Microsoft recently announced its Azure Sphere Research Challenge, offering white hat security researchers up to $100,000 if they can find a way to break into Azure Sphere Linux IoT OS platform or discover vulnerabilities in the software.
Released in February this year, Microsoft’s Azure Sphere is a comprehensive IoT security solution designed to actively protect IoT devices and accompanying hardware, OS, and cloud components. The IoT security suite includes an OS that adds layers of protection and ongoing security updates and a security service that brokers trust for device-to-cloud communication.
This week, Microsoft announced that it will give ethical hackers access to developer tools of Azure Sphere to enable them to test the software for security vulnerabilities. The software giant said hackers will have three months to take part in the challenge between 1st Junee and 31st August and will have to apply by 15th May to get a chance to participate in the contest.
“The Azure Sphere Security Research Challenge aims to spark new high impact security research in Azure Sphere, a comprehensive IoT security solution that includes hardware, OS and cloud components. This three-month, application-only security research challenge offers special bounty awards and provides program participants research resources,” Microsoft said in a blog post.
“The Azure Security Lab provides additional resources, environments, and tooling to help security researchers explore and research for high impact vulnerabilities in the cloud. Security researchers will have the opportunity to participate in limited time research challenges and earn awards specific to each research challenge.
“We award up to $100,000 bounty for scenarios in the Azure Sphere Security Research Challenge during the program period,” the company added. The company had offered a reward of up to $100,000 for executing code on Pluton (a security subsystem hardware that protects cryptographic keys) or executing code on Secure World which executes the Microsoft-supplied Security Monitor.
The bug bounty program will also include the following possibilities:
- Ability to execute code on NetworkD through local attack
- Anything allowing execution of unsigned code that isn’t pure return oriented programming (ROP)

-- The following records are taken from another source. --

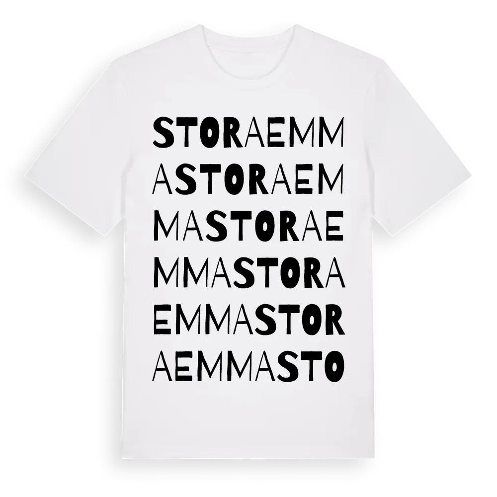 Stora Emma ordlek t-shirt är inspirerad av Stora Emma i Örebro län, Sverige. Tröjan är designad för dig som har en speciell koppling till platsen – oavsett om du bor här, har rötterna här eller bara älskar Stora Emma.
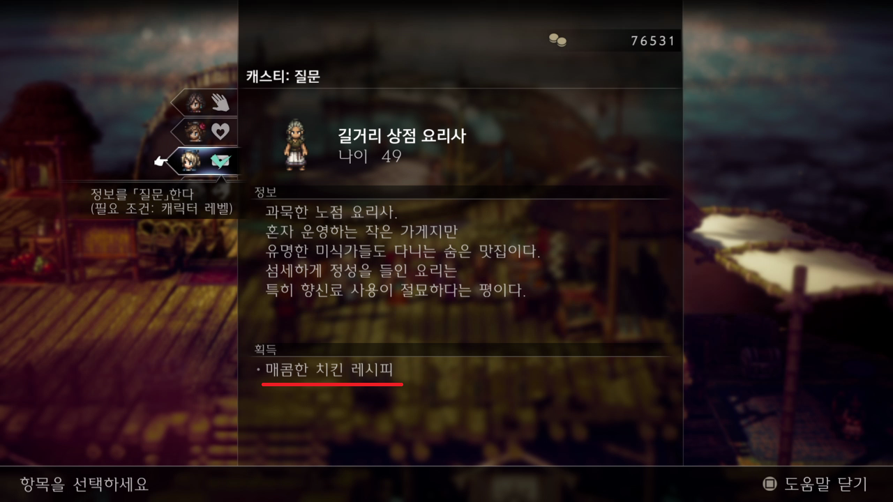 극장으로 내려가기 전에 NPC한테 캐스티로 질문을 하면 매콤한 치킨 레시피를 알려준다
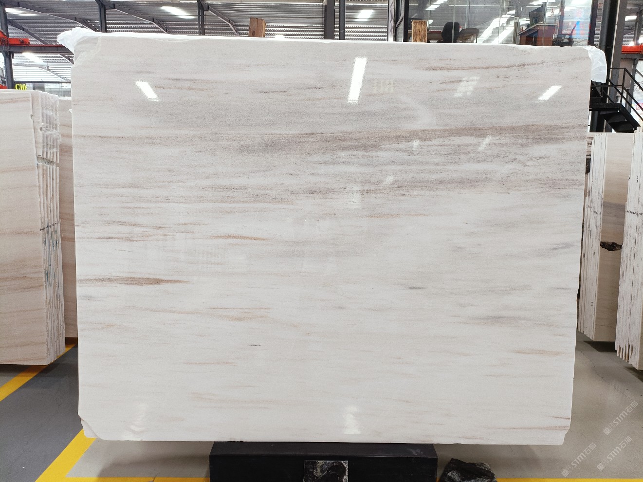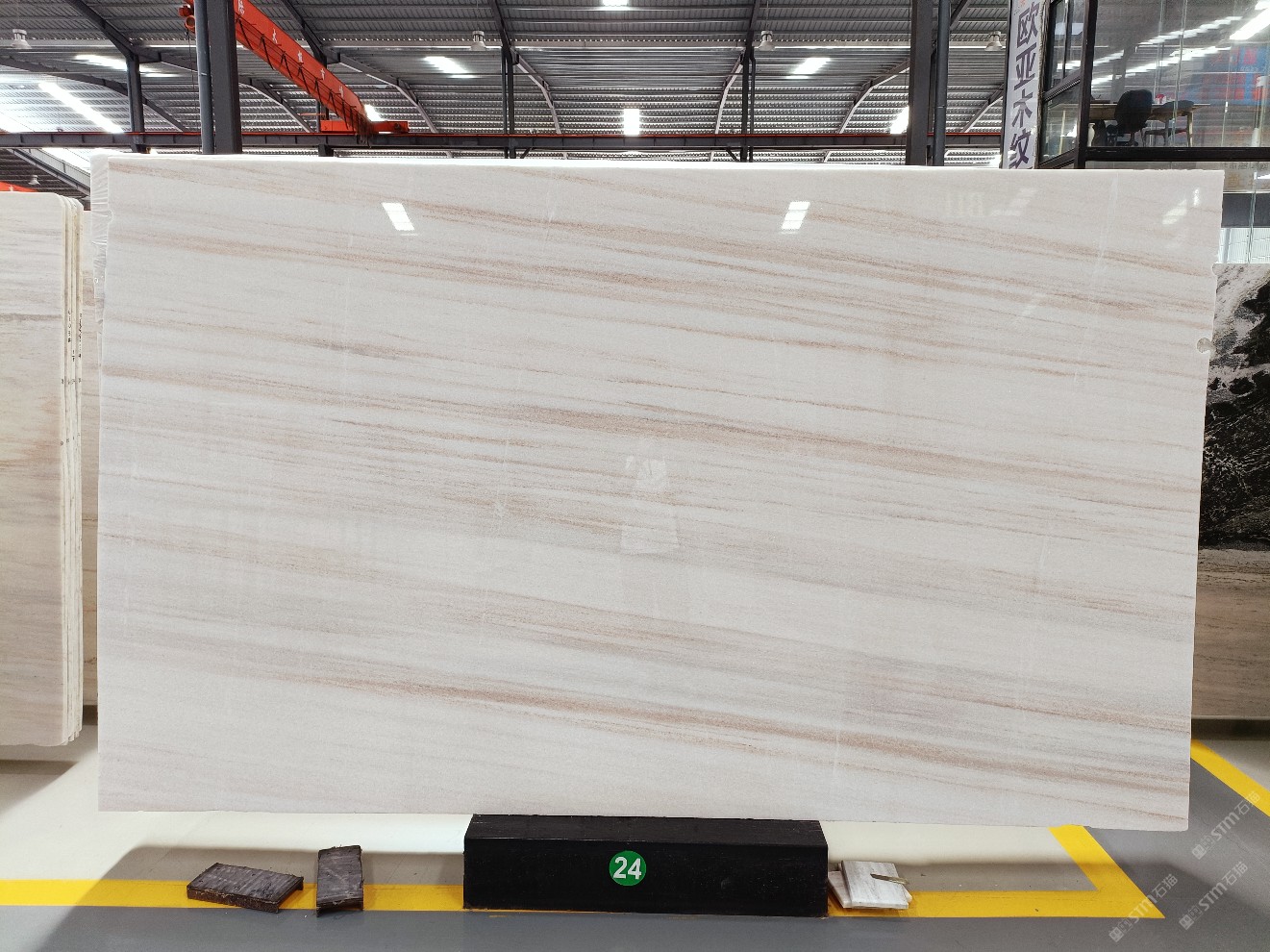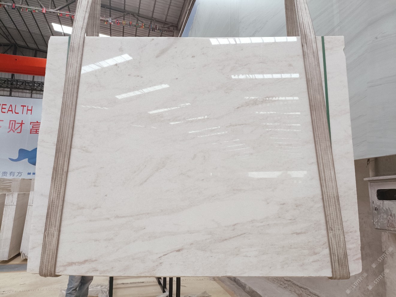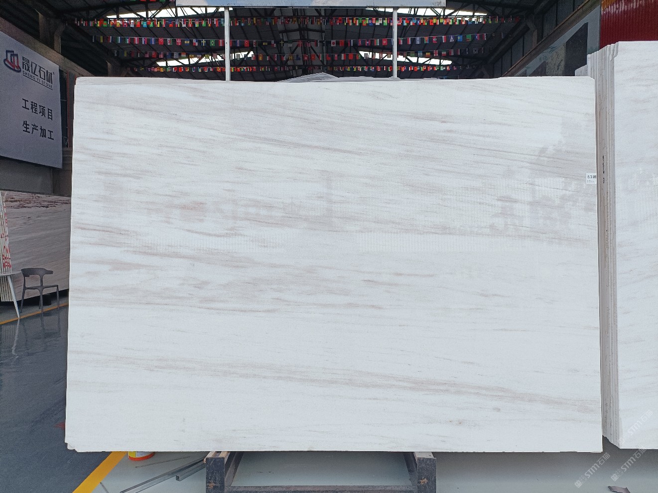 云浮站石材公司開發(fā)的歐亞白獨立礦山,專屬道路,礦口面積約 725 畝,證件齊全。今年礦口開采出直紋,亂紋優(yōu)質大板材料,礦山采用單面墻平臺開采方式,10臺繩鋸、5臺鏟車、5臺勾機、一臺 30 噸叉車,共有職工40人,已有兩個開采平臺。礦山已開采多年,道路、設施都已成熟,現產能穩(wěn)定增長。品質非常穩(wěn)定,一石兩面分別可以產出直紋和亂紋兩種紋路,材質為細膩的玉質品體。
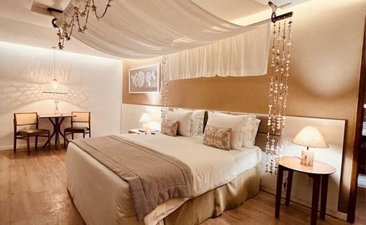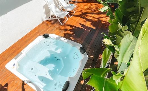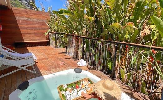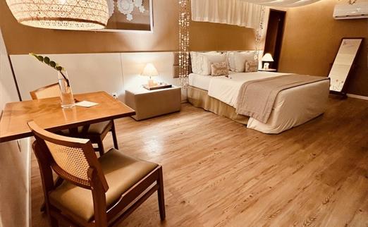 Suítes com aproximadamente 60m2, cada suíte dispõe de uma varanda exclusiva com poltronas e banheira com hidromassagem com cromoterapia, proporcionando um ambiente de relaxamento supremo, além de camas tipo box com decorações memoráveis. O banheiro, em estilo sala de banho, é equipado com ducha de aquecimento solar, amenidades e secador de cabelo. As comodidades incluem TV led com serviços de streaming e a cabo, cofre eletrônico, frigobar com minibar, ar-condicionado split eco, máquina de café expresso e uma área de estar com poltrona e mesa para 2 pessoas. Nesta categoria, os mimos de boas-vindas são uma cortesia especial da casa....
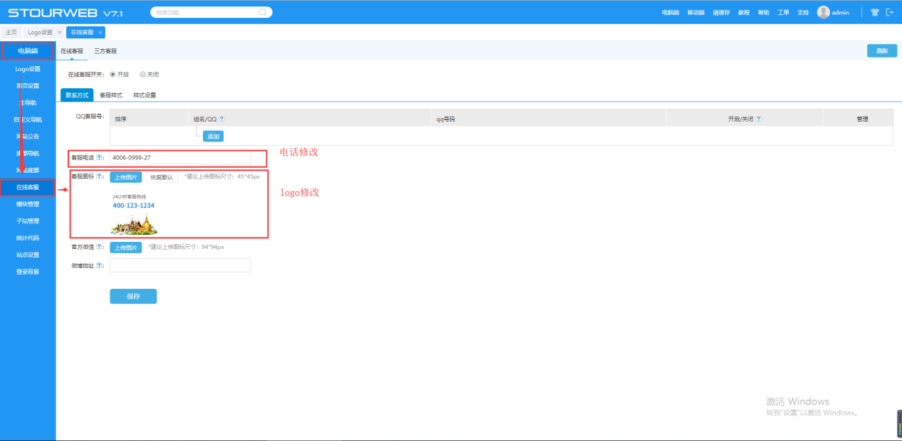 8. 在线客服设置
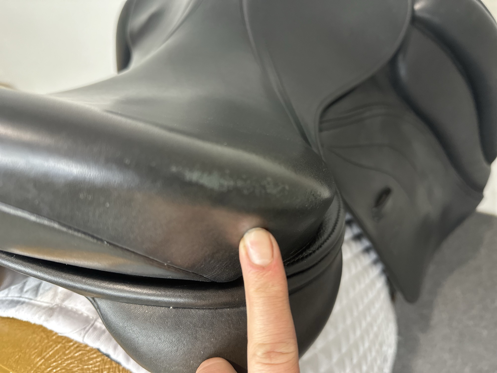 It is normal, especially if the surface of the leather is ‘damp‘, to experience some colour loss onto your breeches.
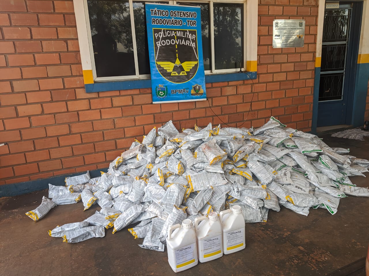 Dourados (MS) – Durante a Operação Hórus, desencadeada pela SEJUSP/MS e pela Secretaria Nacional de Operações Integradas (SEOPI) do Ministério de Justiça e Segurança Pública, a Polícia Militar Rodoviária apreendeu na tarde desta segunda-feira (13), em Dourados – MS, 548 kg de agrotóxicos e mais 300 litros do produto, além de prender um homem de 38 anos realizando o serviço de “batedor”.
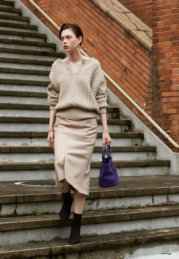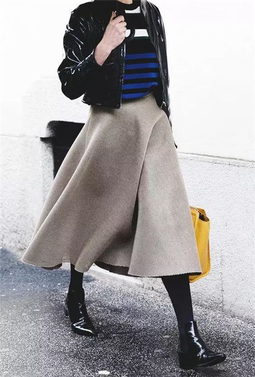 只要搭配的時候,用長裙來搭配襪靴,這樣的做法就完全OK啦!照樣可以穿出纖細感!
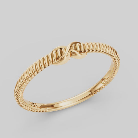 Inspirado en el símbolo del infinito, este anillo de oro destaca por su banda con textura estilo cuerda y su brillo sutil. Una pieza minimalista con un toque de profundidad y emoción.
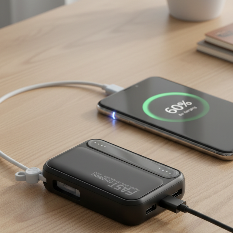 "Finally… a power bank that actually lasts! I used it on a 3-day work trip and didn’t have to charge it once. The built-in cables are a lifesaver."
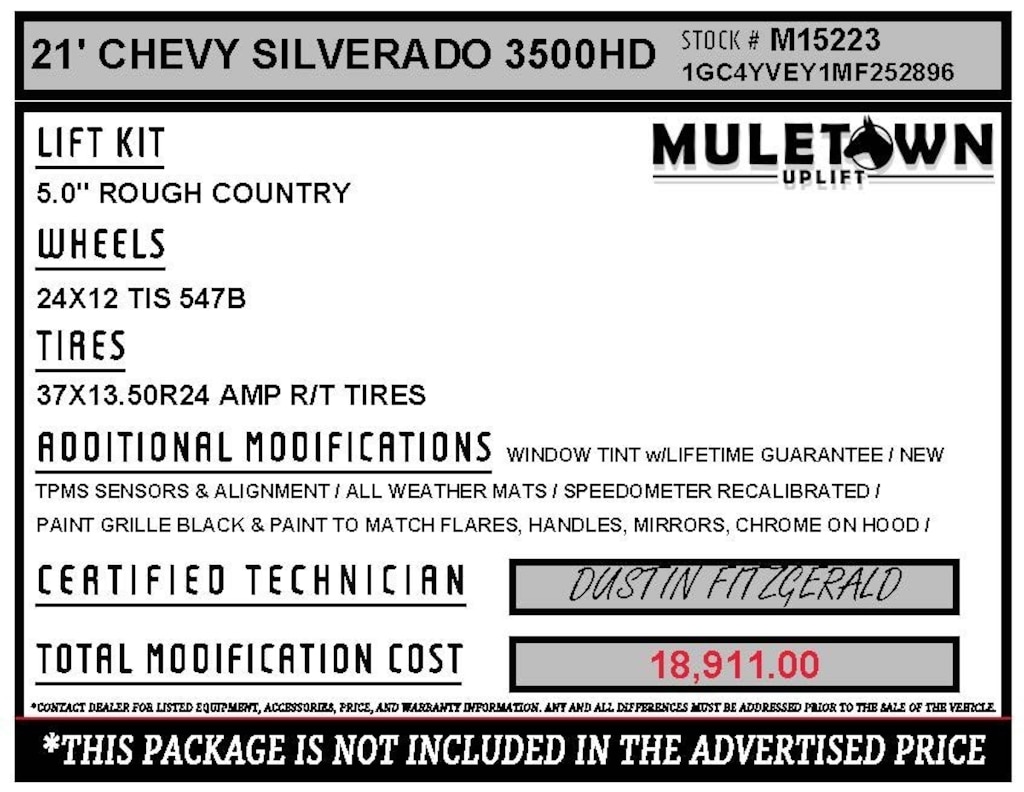 Command the road with purpose and presence in this 2021 Chevrolet Silverado 3500HD High Country, transformed with our exclusive Muletown Uplift 5" Lift Kit and aggressive 37" tires for maximum capability and head-turning style. This truck is built for those who demand strength, utility, and refinement in equal measure.
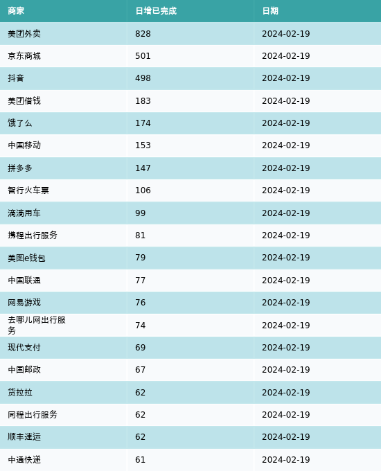 南方财经2月20日电,根据黑猫投诉网站数据显示,2月19日新增投诉完成处理最高前三名的商家分别为:美团外卖、京东商城和抖音,分别增加828起、501起和498起。2月19日新增投诉完成处理前20详情见下表:
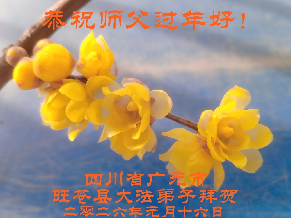 恭祝师父过年好: 冬去春来,严寒将尽,遥祝师父过年好!感恩师父慈悲救度! 弟子献上金梅一枝,以梅花明志,忍苦精進,跟随师父回归天国家园。 四川省广元市旺苍县大法弟子敬上 四川省广元市旺苍县全体大法弟子恭祝师尊过年好!
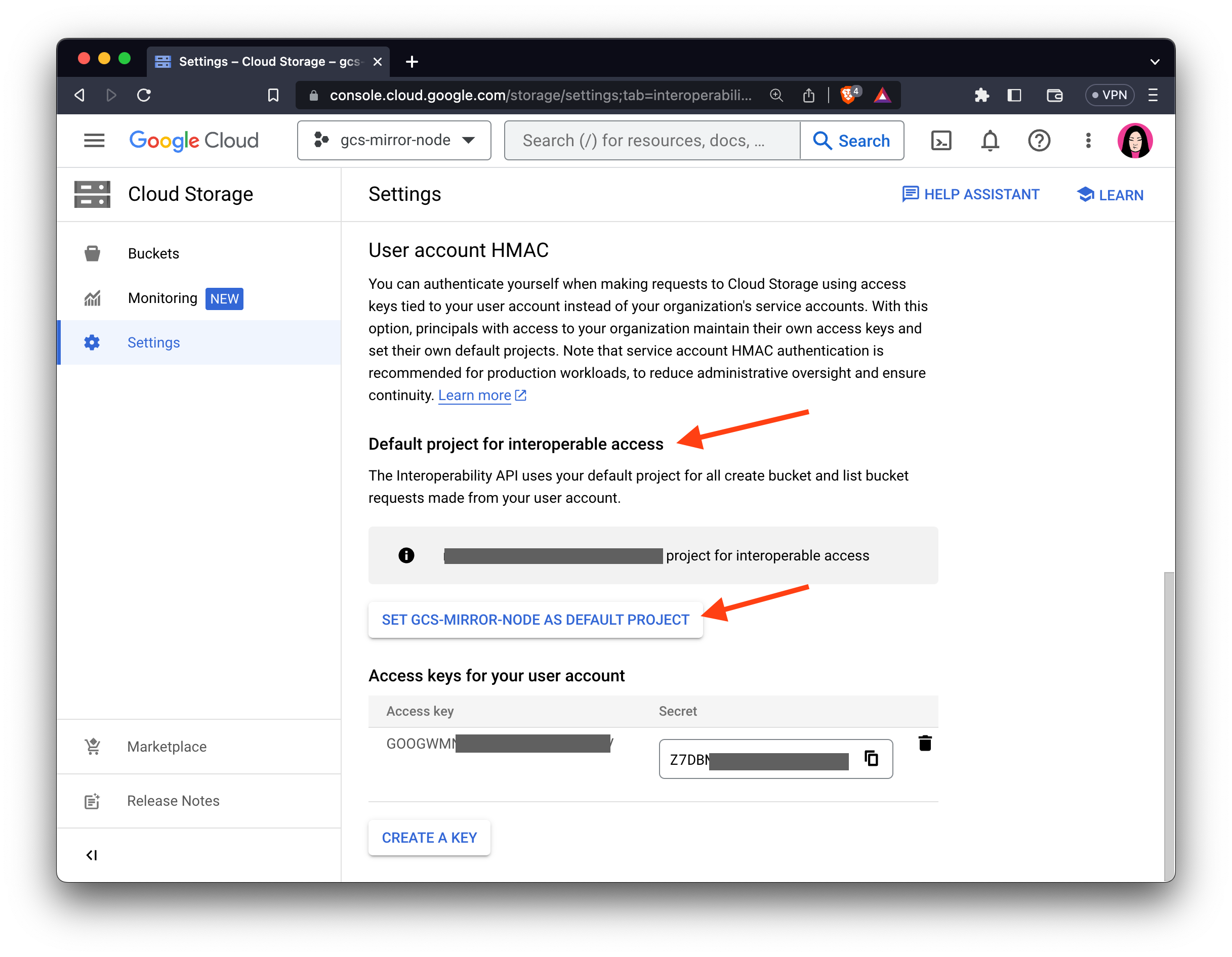 In this step, you will generate your Google Cloud Platform HMAC access keys. These keys are needed to authenticate requests between your machine and Google Cloud Storage. They are similar to a username and password. Follow these steps to retrieve your access key, secret, and project ID:

- Ability to spoof device authentication
- Anything allowing elevation of privilege outside of the capabilities described in the application manifest
- Ability to modify software and configuration options
- Ability to alter the firewall allowing communication out to other domains not in the app manifest
Sylvie Liu, security program manager at Microsoft Security Response Center, said, “we’re providing more content and resources to better arm security researchers with the tools needed to research high-impact vulnerabilities in the cloud. By discovering and reporting vulnerabilities to Microsoft through Coordinated Vulnerability Disclosure (CVD), security researchers have helped us continue to secure millions of customers.”
Microsoft has been running a Microsoft Azure Bounty Program as well that lets white hat researchers test various software designs for security vulnerabilities to win rewards ranging from $500 to $40,000. The program covers various security threats like remote code execution, privilege escalation, tampering, denial of service, spoofing, and information disclosure to products such as Azure Active Directory, Key Vault, Web Apps, Azure DevOps, Virtual Machines, and Azure IoT Hub.